Work request:
When the line with "12.000MHZ | |" appears below, start repeating lines exactly, and keep going through the line with "Is uw meubel"; add nothing outside that span.

Data for processing:
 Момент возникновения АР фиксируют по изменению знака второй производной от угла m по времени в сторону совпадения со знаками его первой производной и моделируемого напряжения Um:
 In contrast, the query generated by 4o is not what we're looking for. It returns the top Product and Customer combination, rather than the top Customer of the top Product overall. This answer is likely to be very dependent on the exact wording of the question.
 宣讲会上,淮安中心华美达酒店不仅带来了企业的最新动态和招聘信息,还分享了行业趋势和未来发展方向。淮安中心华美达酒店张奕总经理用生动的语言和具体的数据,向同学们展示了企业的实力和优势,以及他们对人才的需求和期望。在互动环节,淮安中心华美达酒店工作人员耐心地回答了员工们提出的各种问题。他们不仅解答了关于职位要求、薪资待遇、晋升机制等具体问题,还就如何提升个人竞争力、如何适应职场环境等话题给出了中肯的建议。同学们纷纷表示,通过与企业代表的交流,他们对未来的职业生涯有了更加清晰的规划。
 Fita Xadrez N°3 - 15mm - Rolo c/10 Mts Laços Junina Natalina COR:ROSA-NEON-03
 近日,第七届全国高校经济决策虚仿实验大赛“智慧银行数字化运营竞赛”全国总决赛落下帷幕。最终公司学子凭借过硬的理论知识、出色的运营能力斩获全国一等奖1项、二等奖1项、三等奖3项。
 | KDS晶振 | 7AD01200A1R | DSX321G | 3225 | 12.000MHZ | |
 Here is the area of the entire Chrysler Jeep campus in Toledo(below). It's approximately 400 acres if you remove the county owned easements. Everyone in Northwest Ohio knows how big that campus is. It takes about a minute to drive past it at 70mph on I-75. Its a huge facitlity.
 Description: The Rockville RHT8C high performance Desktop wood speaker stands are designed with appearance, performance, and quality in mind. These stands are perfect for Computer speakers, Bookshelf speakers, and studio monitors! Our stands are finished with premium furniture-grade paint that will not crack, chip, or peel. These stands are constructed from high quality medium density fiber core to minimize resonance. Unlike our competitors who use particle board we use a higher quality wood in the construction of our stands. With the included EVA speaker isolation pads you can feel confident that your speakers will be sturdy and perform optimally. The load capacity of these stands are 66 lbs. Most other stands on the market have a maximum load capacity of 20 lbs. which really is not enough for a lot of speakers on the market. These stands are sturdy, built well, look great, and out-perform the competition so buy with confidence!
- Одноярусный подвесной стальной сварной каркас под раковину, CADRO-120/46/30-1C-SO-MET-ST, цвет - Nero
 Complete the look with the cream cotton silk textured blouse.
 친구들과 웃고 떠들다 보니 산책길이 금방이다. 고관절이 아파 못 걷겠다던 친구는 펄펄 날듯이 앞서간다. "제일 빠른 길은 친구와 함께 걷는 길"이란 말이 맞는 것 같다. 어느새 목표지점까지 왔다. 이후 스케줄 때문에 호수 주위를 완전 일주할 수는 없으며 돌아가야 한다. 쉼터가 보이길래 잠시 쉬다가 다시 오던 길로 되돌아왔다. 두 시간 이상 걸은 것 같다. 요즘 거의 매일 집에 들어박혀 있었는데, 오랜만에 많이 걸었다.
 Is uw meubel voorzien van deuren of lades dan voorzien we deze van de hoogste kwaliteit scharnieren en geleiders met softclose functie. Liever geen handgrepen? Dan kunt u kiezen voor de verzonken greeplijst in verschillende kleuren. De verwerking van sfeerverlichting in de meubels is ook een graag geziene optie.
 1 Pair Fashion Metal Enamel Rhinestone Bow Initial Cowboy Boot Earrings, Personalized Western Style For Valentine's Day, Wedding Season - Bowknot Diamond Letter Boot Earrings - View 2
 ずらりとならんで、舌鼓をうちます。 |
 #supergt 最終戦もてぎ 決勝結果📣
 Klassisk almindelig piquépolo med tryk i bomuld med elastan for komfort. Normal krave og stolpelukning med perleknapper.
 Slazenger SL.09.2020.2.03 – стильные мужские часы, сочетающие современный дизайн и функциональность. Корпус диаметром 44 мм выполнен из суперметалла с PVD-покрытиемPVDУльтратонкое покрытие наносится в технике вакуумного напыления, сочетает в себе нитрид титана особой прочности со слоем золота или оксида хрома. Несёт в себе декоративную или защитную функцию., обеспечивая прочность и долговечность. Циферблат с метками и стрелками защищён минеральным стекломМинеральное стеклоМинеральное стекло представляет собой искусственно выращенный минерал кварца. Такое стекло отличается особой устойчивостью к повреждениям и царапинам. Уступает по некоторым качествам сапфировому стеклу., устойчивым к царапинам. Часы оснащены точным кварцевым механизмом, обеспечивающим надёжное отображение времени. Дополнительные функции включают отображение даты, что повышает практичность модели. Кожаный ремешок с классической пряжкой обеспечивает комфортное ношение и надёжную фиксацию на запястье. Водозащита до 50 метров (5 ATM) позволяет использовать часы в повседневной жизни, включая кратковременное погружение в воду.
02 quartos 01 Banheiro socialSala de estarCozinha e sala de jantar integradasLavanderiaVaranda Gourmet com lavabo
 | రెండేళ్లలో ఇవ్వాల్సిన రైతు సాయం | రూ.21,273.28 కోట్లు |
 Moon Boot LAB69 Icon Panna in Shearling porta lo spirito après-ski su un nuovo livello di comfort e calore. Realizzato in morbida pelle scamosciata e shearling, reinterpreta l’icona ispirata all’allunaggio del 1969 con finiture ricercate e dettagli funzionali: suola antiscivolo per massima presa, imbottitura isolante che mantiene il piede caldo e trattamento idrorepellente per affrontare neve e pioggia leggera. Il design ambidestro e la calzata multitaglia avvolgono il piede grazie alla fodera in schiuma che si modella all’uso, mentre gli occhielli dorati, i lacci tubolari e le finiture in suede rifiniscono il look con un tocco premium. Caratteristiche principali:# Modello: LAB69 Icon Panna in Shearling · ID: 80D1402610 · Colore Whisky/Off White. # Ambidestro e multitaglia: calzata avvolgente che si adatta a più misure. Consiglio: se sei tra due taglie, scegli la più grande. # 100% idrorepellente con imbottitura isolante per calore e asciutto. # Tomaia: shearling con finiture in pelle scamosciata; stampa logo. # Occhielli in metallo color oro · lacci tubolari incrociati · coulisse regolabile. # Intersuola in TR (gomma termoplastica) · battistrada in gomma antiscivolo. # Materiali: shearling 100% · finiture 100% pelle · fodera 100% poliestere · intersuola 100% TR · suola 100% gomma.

Your solution:
 | KDS晶振 | 7AD01200A1R | DSX321G | 3225 | 12.000MHZ | |
 Here is the area of the entire Chrysler Jeep campus in Toledo(below). It's approximately 400 acres if you remove the county owned easements. Everyone in Northwest Ohio knows how big that campus is. It takes about a minute to drive past it at 70mph on I-75. Its a huge facitlity.
 Description: The Rockville RHT8C high performance Desktop wood speaker stands are designed with appearance, performance, and quality in mind. These stands are perfect for Computer speakers, Bookshelf speakers, and studio monitors! Our stands are finished with premium furniture-grade paint that will not crack, chip, or peel. These stands are constructed from high quality medium density fiber core to minimize resonance. Unlike our competitors who use particle board we use a higher quality wood in the construction of our stands. With the included EVA speaker isolation pads you can feel confident that your speakers will be sturdy and perform optimally. The load capacity of these stands are 66 lbs. Most other stands on the market have a maximum load capacity of 20 lbs. which really is not enough for a lot of speakers on the market. These stands are sturdy, built well, look great, and out-perform the competition so buy with confidence!
- Одноярусный подвесной стальной сварной каркас под раковину, CADRO-120/46/30-1C-SO-MET-ST, цвет - Nero
 Complete the look with the cream cotton silk textured blouse.
 친구들과 웃고 떠들다 보니 산책길이 금방이다. 고관절이 아파 못 걷겠다던 친구는 펄펄 날듯이 앞서간다. "제일 빠른 길은 친구와 함께 걷는 길"이란 말이 맞는 것 같다. 어느새 목표지점까지 왔다. 이후 스케줄 때문에 호수 주위를 완전 일주할 수는 없으며 돌아가야 한다. 쉼터가 보이길래 잠시 쉬다가 다시 오던 길로 되돌아왔다. 두 시간 이상 걸은 것 같다. 요즘 거의 매일 집에 들어박혀 있었는데, 오랜만에 많이 걸었다.
 Is uw meubel voorzien van deuren of lades dan voorzien we deze van de hoogste kwaliteit scharnieren en geleiders met softclose functie. Liever geen handgrepen? Dan kunt u kiezen voor de verzonken greeplijst in verschillende kleuren. De verwerking van sfeerverlichting in de meubels is ook een graag geziene optie.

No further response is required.